## [Data extracted from a collection]
----------
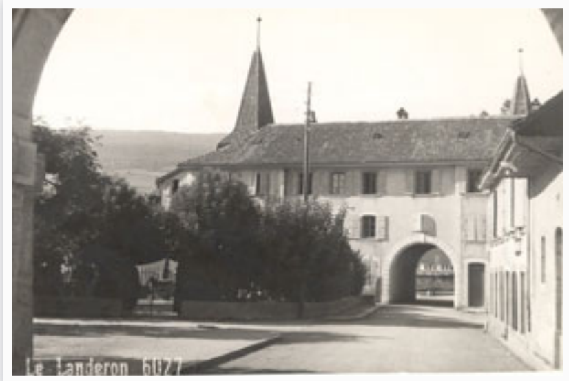
Landeron: house of the school
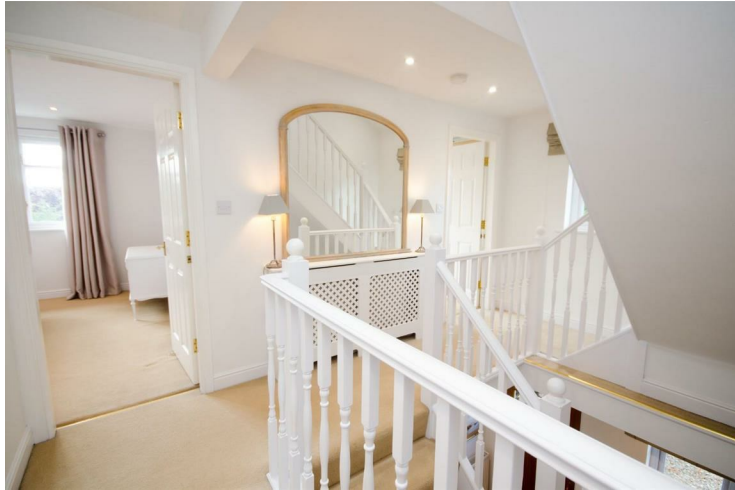
PRINCIPAL BEDROOM 4.55m into bay x 3.94m (14'11" into bay x 12'11")
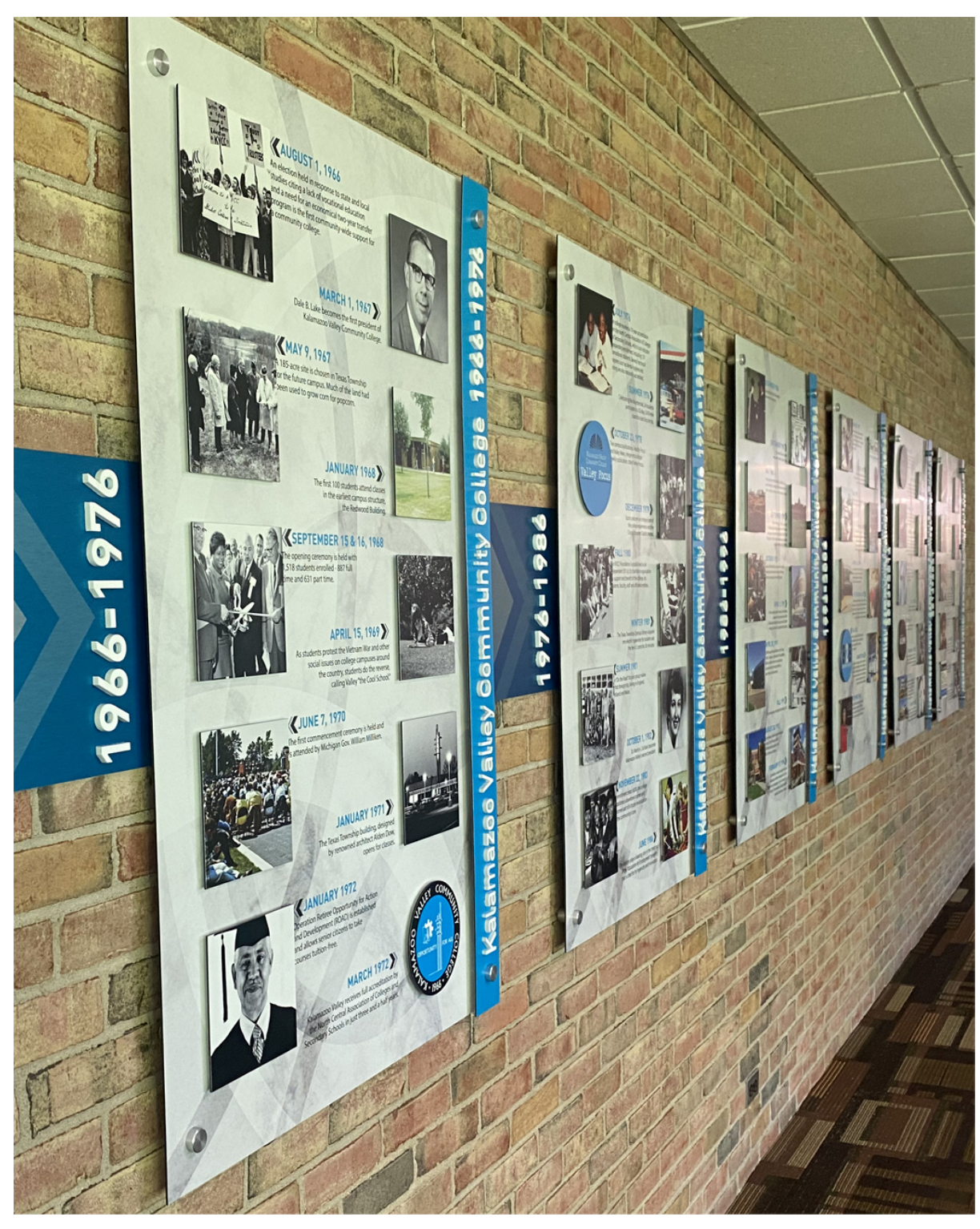
Artwork detailing the college's rich history has been installed in the hallway outside of the President's office. Come by and walk down memory lane.
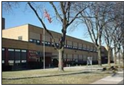
Brook Park Elementary School 30 th and Raymond LaGrange Park, IL 60526
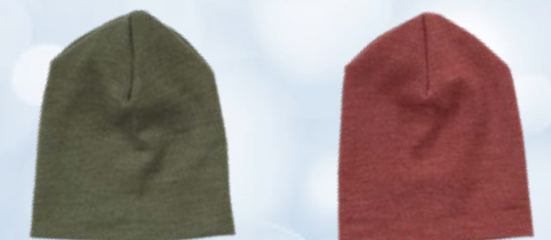
70 5541 43E – olive
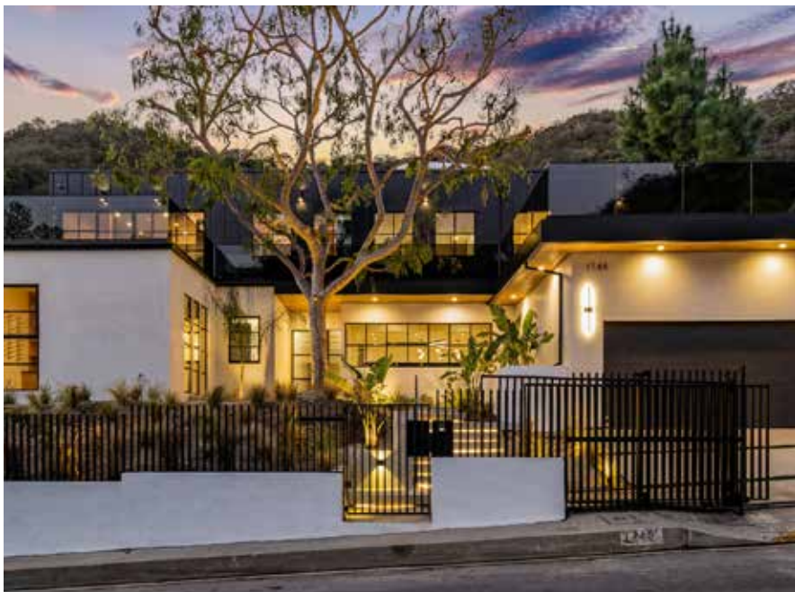
1745 San Ysidro Dr | Beverly Hills
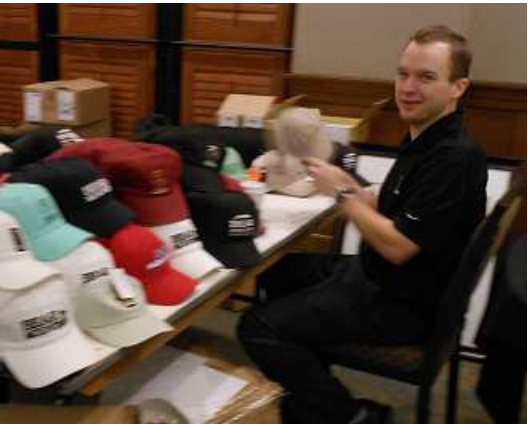
A different look for the ballroom!
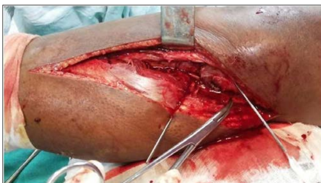
Fig 4: Intraoperative image
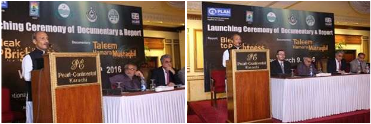
IHRC Chief addressing the Launching Ceremony of Documentary & Report of Plan International at Karachi-Pakistan on Education (2016)
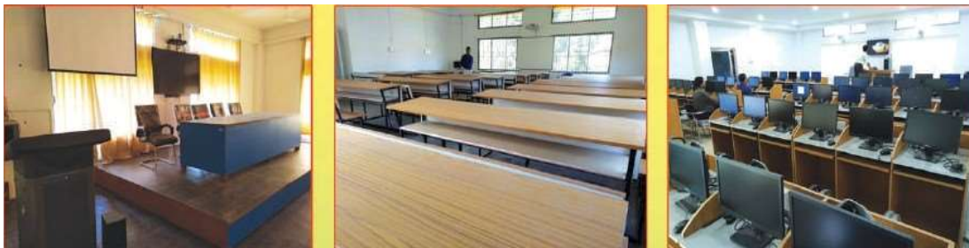
Video Conferencing Hall
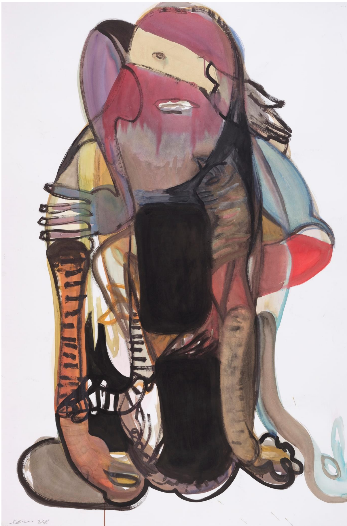
Simona Deflorin, aus der Serie/from the series Kali and the Cat , 2018
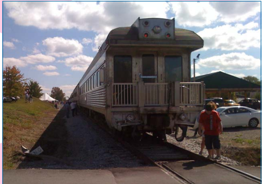
Right: TC 103, Observation Car (rebuilt SRR as Private Car/ Auto Train 9012) brings up the rear in Monterey.
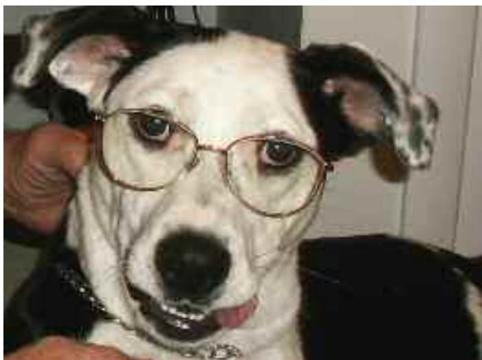
Cupcake needs glasses to keep watch on Princess's NFL picks. She's been pretty good, lately.
----------
## [Task statement]
Would you print, exactly as they appear, the lines from the line with "Right: TC 103, Observation" through the end of the entries above, leaving out the pictures?

## [Output of the task]
Right: TC 103, Observation Car (rebuilt SRR as Private Car/ Auto Train 9012) brings up the rear in Monterey.
Cupcake needs glasses to keep watch on Princess's NFL picks. She's been pretty good, lately.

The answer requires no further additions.